Ghosts of Girlfriends Past (2009) | Review

Game Over
Elisabeth Leitch

Content Image
If Connor Mead (Matthew McConaughey) were a real photographer, he might be Annie Leibovitz. If Connor Mead were a real man, he might be Hugh Hefner when he was in his thirties. If he were a character in literature, he would be the Ebenezer Scrooge to Love's Romance. And when his busy schedule of photographing nearly-naked women and chalking up one night stands is interrupted by his brother Paul's (Breckin Mayer) wedding weekend in upstate New York, well, you can pretty much guess what happens.

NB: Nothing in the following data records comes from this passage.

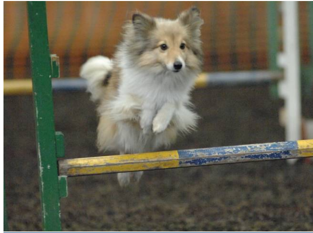
Drew's Animal Photography - www.drewsanimalphotography.co.uk
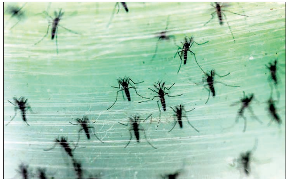
Male Aedes albopictus mosquitoes are seen in this picture. Zika virus is among the viruses spread by the species. PHOTO: REUTERS

Zika is usually a mild illness with fever, rash and joint pain. There is no preventive vaccine, according to the CDC.—Reuters
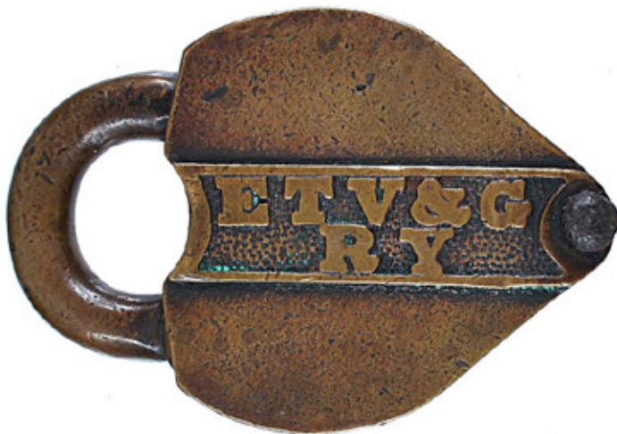
On of the artifacts from eastern roads in the sale, this lock from the East Tennessee, Virginia & Georgia Railway made by Dayton is exceptionally rare, and brought a $1150 bid.
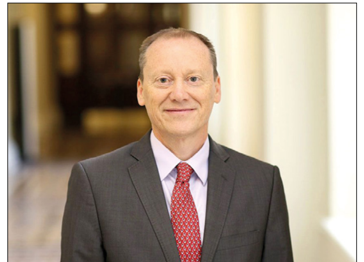
► HE Governor of the Cayman Islands, Martyn Roper

SEE GOVERNOR ROPER TO TAKE FIRST COVID JAB IN CAYMAN, Page 8
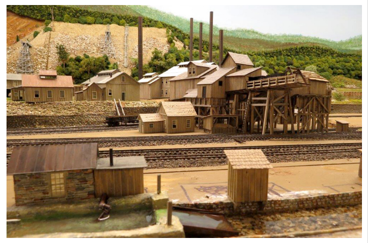
The HOn3 model of the Cranberry Mine complex nears completion on the ET&WNC Railroad layout in the George L. Carter Museum at ETSU.

Plan to visit the Carter Railroad Museum on the campus of East Tennessee State University in Johnson City, TN any Saturday from 10 am to 3 pm and tour the ET&WNC Railroad in miniature for yourself. The little narrow gauge trains are running Every Time With No Complaint.
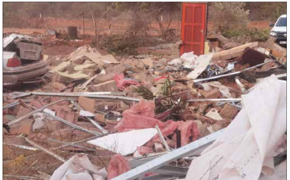
The remains from the family's house.

“Our thoughts are with the bereaved family. We pray that the injured man also recovers.”
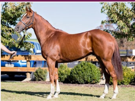
WELL-RELATED, LIGHTLY TRIED MAKFI GELDING.

Basically, Ghosts of Girlfriends Past is A Christmas Carol, except in place of Christmas is a wedding. Instead of tearing down tinsel and knocking over Christmas trees, Connor rips down tulle and topples cakes. Instead of defaming Santa Claus and tranquilizing Rudolf, he pronounces love "comfort food for the weak" and tells his brother his Jag is available if he needs to make a break for it. And since—unlike Connor likes to believe—every interaction isn't just a casual encounter, as his selfish lifestyle collides with final wedding preparations and unresolved feelings with his childhood friend Jenny (Jennifer Garner), let's just say that everyone's not exactly a happy camper.

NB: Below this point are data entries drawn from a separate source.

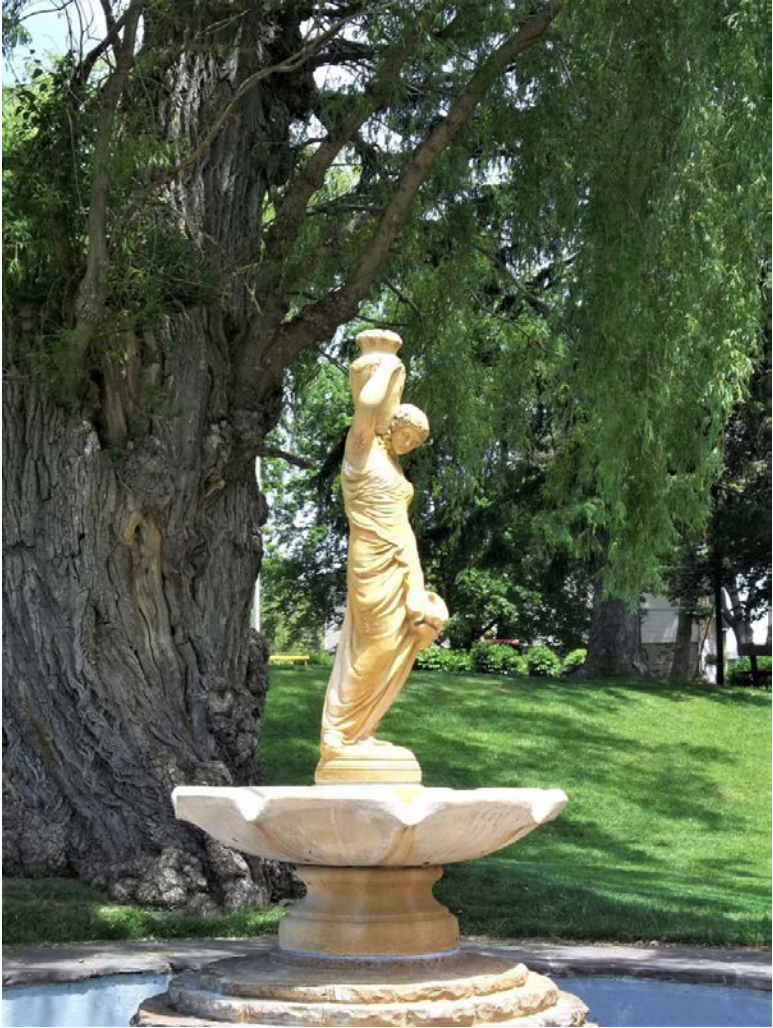
Toronto Botanical Gardens Fountain
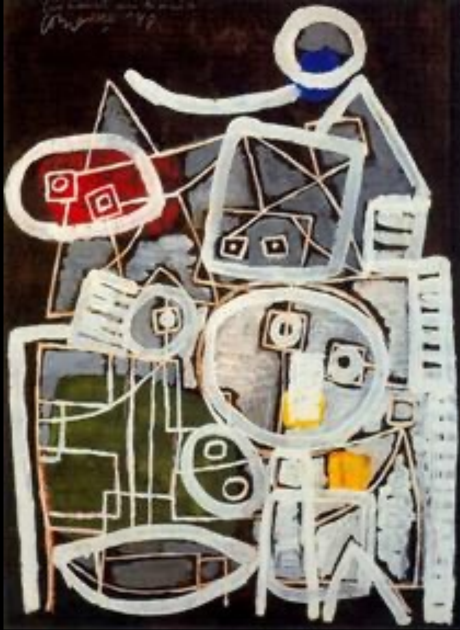
Corneille Children in the House 1948
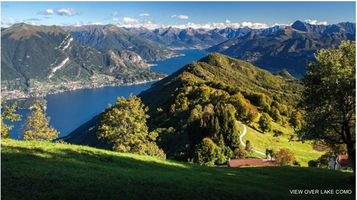
VIEW OVER LAKE COMO
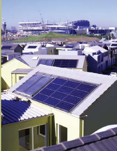
Solar Energy, Newington
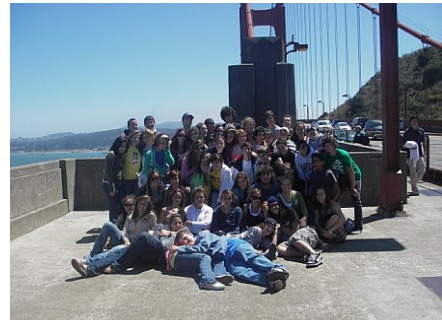
Wheels 2006- Las Vegas, Lake Tahoe, San Francisco, Yosemite...
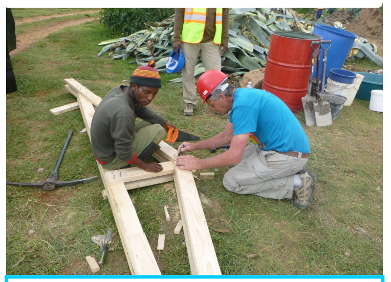
To read more about any of our GV trips please visit

Lesotho is classified as one of the least developed countries in the world. HIV and AIDS is an impediment to Lesotho's development as it exacerbates social ills. Adult prevalence rate is estimated at 25%. This in turn, leaves numbers of orphans and other vulnerable children in the country. 27.5% of children under age 18 are orphans. Habitat Lesotho's work in Lesotho encompasses new home construction, sanitation, training and capacity building. There is a new program in advocacy for enhancing access to decent and affordable places to call home with secure land tenure.

Thankfully, just as Scrooge was sent a few ghosts to teach him a thing or two about Christmas, Connor is sent a little supernatural help to teach him a thing or two about love. Flying around on beds, hiding from the deluge of every tear ever shed because of him, and dancing to the best mix of the 80s, 90s, and now, the journey is definitely a bit cheesy. Since we pretty much already know that Connor is a sleazebag when it comes to his romantic relationships, his journey into the past is more about how he became the way he is and the moments in which love almost pulled him in a different direction. Mostly to blame is his hard-partying uncle (Michael Douglas) who taught him that "the power in a relationship lies with the person who cares less." Very nearly cracking his façade on numerous occasions is Jenny, the girl who knew him before his parents died, who made him wait more than a day for sex, and who almost got him to stay through the night. And the resolution that seems to have kept him on the wrong path even when given the chance to step onto the right one, the pledge to never again feel the way he did when he watched Jenny have her first kiss with another boy.

At first, Connor is simply annoyed, maybe even a bit amused. As Connor cheers both his younger self and his uncle on, one of his ghosts wonders if he is getting the point at all. But as Connor moves from the past into the present into the future, the bleak reality of his anti-love lifestyle becomes harder and harder to ignore. When the Ghost of Girlfriends Present appears, she is none other than his assistant, the only stable woman in his life since he left Jenny alone many years before. While Paul still tries to remember Connor for the loving older brother who basically raised him, Connor's increasing threat to his upcoming marriage make the effort near impossible. Jump to a future in which Connor sees the effects a loveless life has on both him and others he really does love, and as the saying goes, Connor only recognizes how real and valuable love is when he sees what life is like without it. Cue an abrupt turnaround in which Connor's anti-love tirades are replaced with speeches about how rare and valuable love is, how pain beats regret any day of the week, and how power isn't happiness, and the journey is pretty much complete.